Verify the NFD label is applied:

oc get node -o yaml | grep "amd-gpu"

2. Create blacklist (for installing out-of-tree kernel module)#

Create a Machine Config Operator custom resource to add amdgpu kernel module into the modprobe blacklist, here is an example of custom resource MachineConfig, please set master for the label machineconfiguration.openshift.io/role if you run Single Node OpenShift or worker in other scenarios with dedicated controllers.

Warning

After adding amdgpu kernel module to blacklist by using MachineConfig custom resource, the Machine Config Operator will automatically reboot selected nodes.
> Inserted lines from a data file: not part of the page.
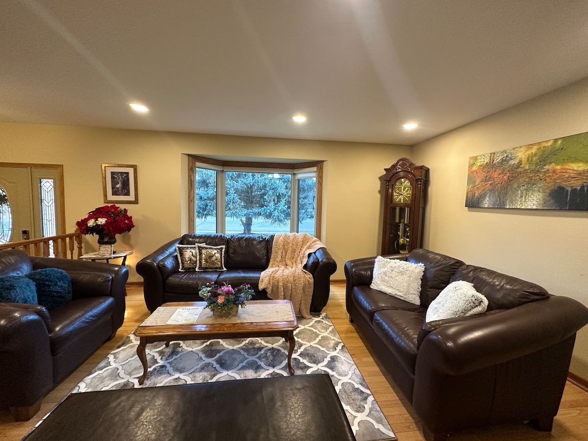 Nakšņojiet mūsu plašajā modernajā mājoklī vienā no Ridžainas burvīgākajām apkaimēm! Ar divām divguļamajām gultām, dvīņu gultu un divguļamo gultu ir vieta ikvienam. Straumējiet 75collu 4K televizorā, spēlējiet vairāknekā100 Wii spēles vai strādājiet pie stāvoša galda ar diviem monitoriem un ātru Wi-Fi. Gatavojiet pilnībā aprīkotā virtuvē un pēc tam atpūtieties pie ugunskura vietas, grila vai priekšējā stāva. Dažu minūšu attālumā no RCMP centra, lidostas, Mozaīkas stadiona un pilsētas centra. Lieliski piemērots izpētei, atpūtai un atmiņu radīšanai kopā ar ģimeni un draugiem!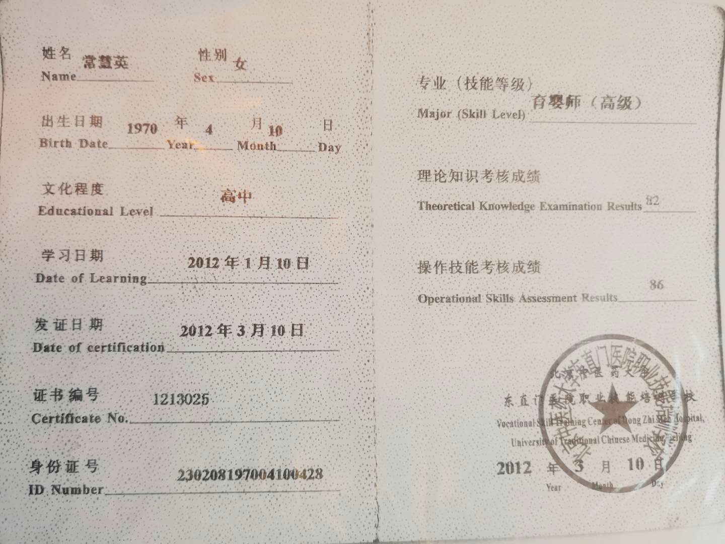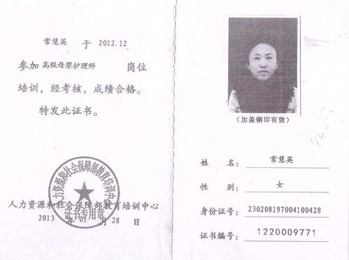 2008年从业特可欣,性格开朗,勤劳肯干,沟通能力强。擅长产妇及婴儿护理。产妇护理技能:月子营养配餐,催乳,形体修复,恶露观察及子宫复旧,心理疏导;产褥期科学指导;饮食调理的基础上配单独的穴位按摩,祛除体内湿毒,婴儿护理技能:婴儿早教,洗澡,抚触,被动操,排气操,手指操;婴儿常见疾病的观察及预防指导:如:幽门痉挛,肠痉挛,黄疸观察,脐带消毒,鹅口疮,泪囊阻塞,尿布疹,湿疹等;婴儿大小便的观察,啼哭的观察等等;座右铭:用我的安心责任心让您度过一个温馨科学的产褥期!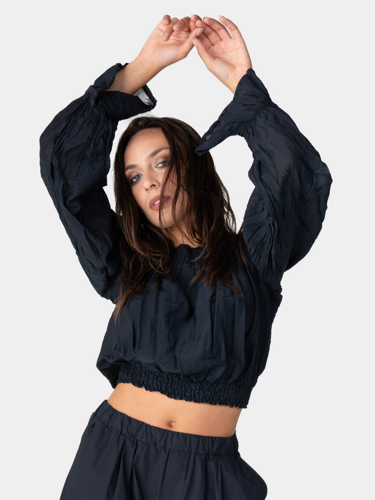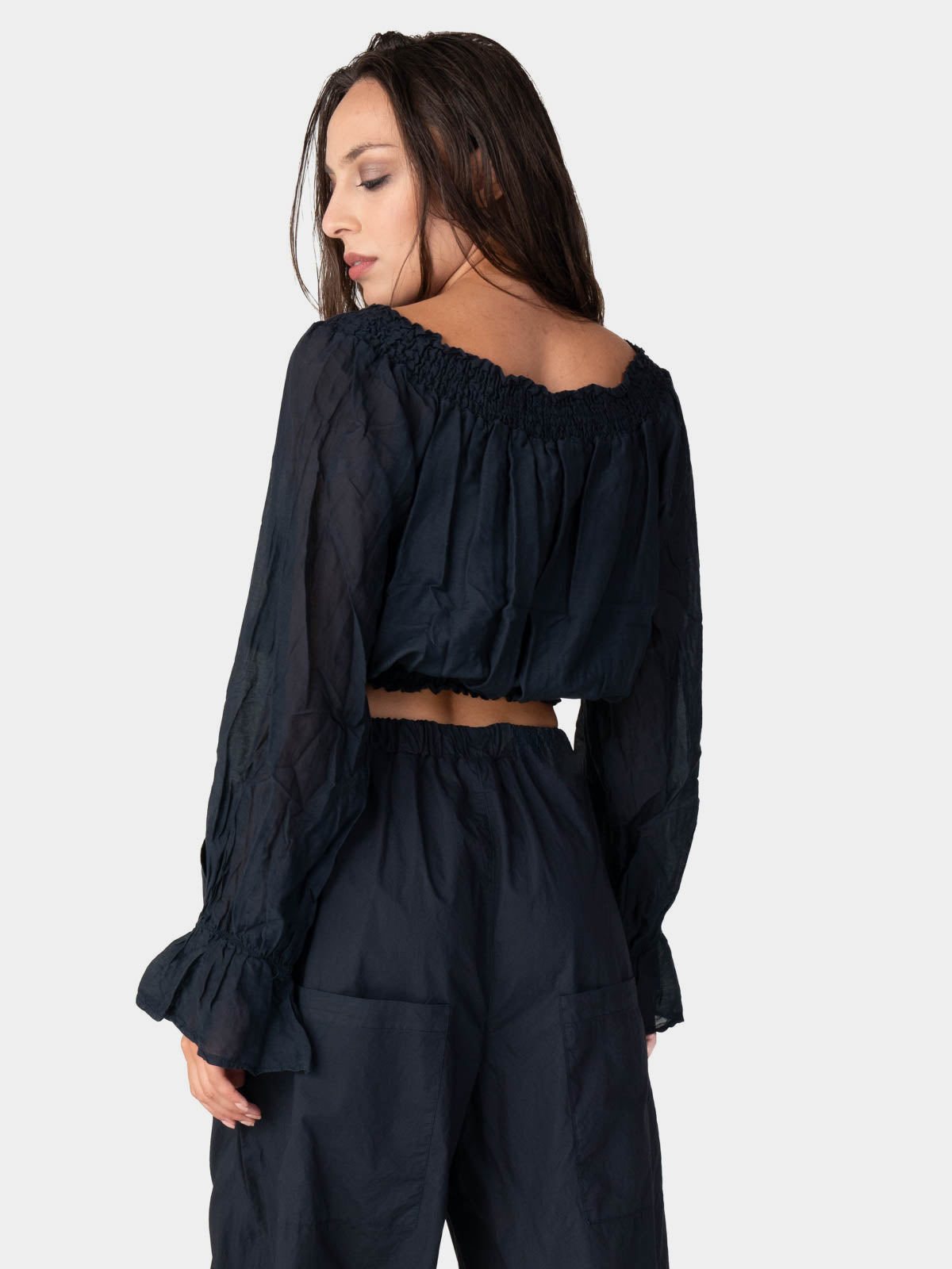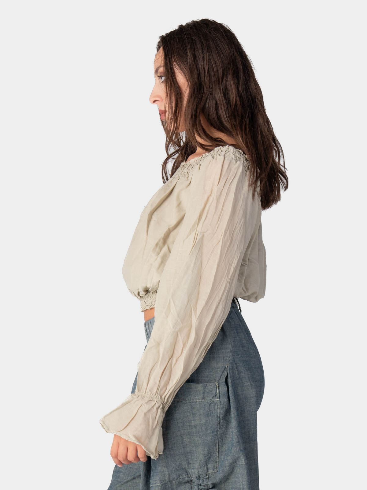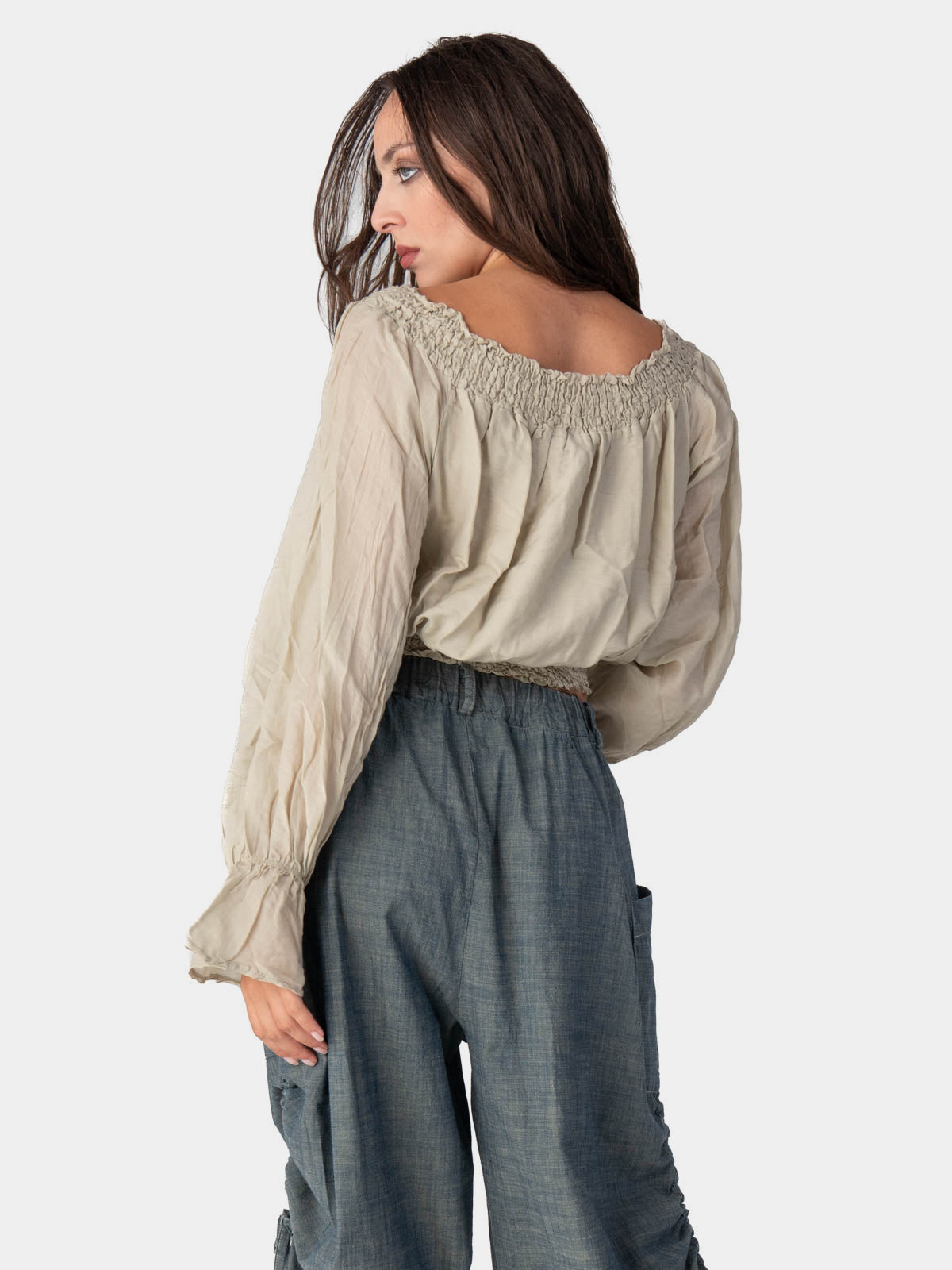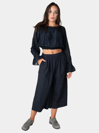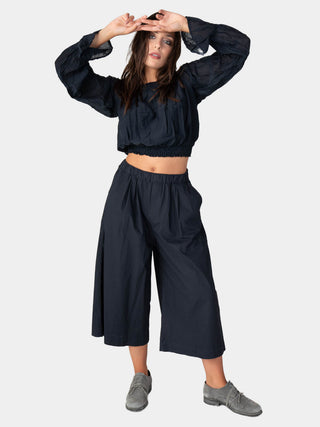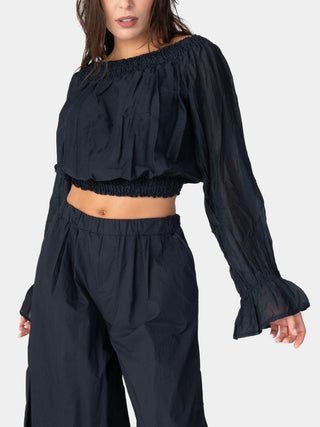 This cropped blouse is so cute! It has a unique gathered neckline and is finished with elasticized cuffs that give the silhouette volume and form. It is a very adaptable piece that looks great with high-waisted pants and offers a unique blend of modern and classic style.
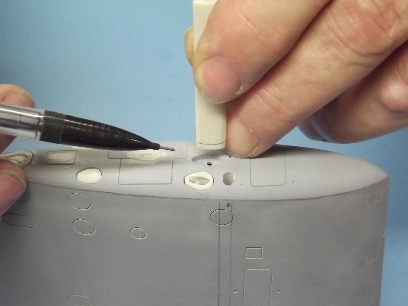 Perhaps the solution Mark is to decapitate the heads of the masts that you don't want sticking up and glue these in their respective slots -thus depicting these in the lowered position.I just realized something. I dont want all those masts sticking up on my Scamp. All I want is the scope. I was hoping to see a sail top without all those depressions where the masts go. Ill need to fill them in with something. Maybe I can take the top to each mast and slice it 1/16' thick or so and then plug the hole with that. That way it will have a nice line around it and will actually look like there is a telescoping mast underneath. Any thoughts on that?[ATTACH=CONFIG]20557[/ATTACH]

apiVersion: machineconfiguration.openshift.io/v1
kind: MachineConfig
metadata:
  labels:
    machineconfiguration.openshift.io/role: worker
  name: amdgpu-module-blacklist
spec:
  config:
    ignition:
      version: 3.2.0
    storage:
      files:
        - path: "/etc/modprobe.d/amdgpu-blacklist.conf"
          mode: 420
          overwrite: true
          contents:
            source: "data:text/plain;base64,YmxhY2tsaXN0IGFtZGdwdQo="

3. Create DeviceConfig#

Create a DeviceConfig CR to trigger the GPU driver installation:

apiVersion: amd.com/v1alpha1
kind: DeviceConfig
metadata:
  name: test-cr
  namespace: default
spec:
  driver:
    enable: true
    image: image-registry.openshift-image-registry.svc:5000/$MOD_NAMESPACE/amdgpu_kmod
    version: 6.2.2
  selector:
    "feature.node.kubernetes.io/amd-gpu": "true"

The operator will:

  1. Collect worker node system specifications

  2. Build or retrieve the appropriate driver image

  3. Deploy the driver using KMM

  4. Deploy the ROCM device plugin and node labeller

Verify the deployment:

# Check KMM worker status
oc get pods | grep kmm-worker

# Check device plugin and labeller status
oc get pods | grep test-cr

# Verify GPU resource labels
oc get node -o json | grep amd.com

Uninstallation#

Please refer to the Uninstallation document for uninstalling related resources.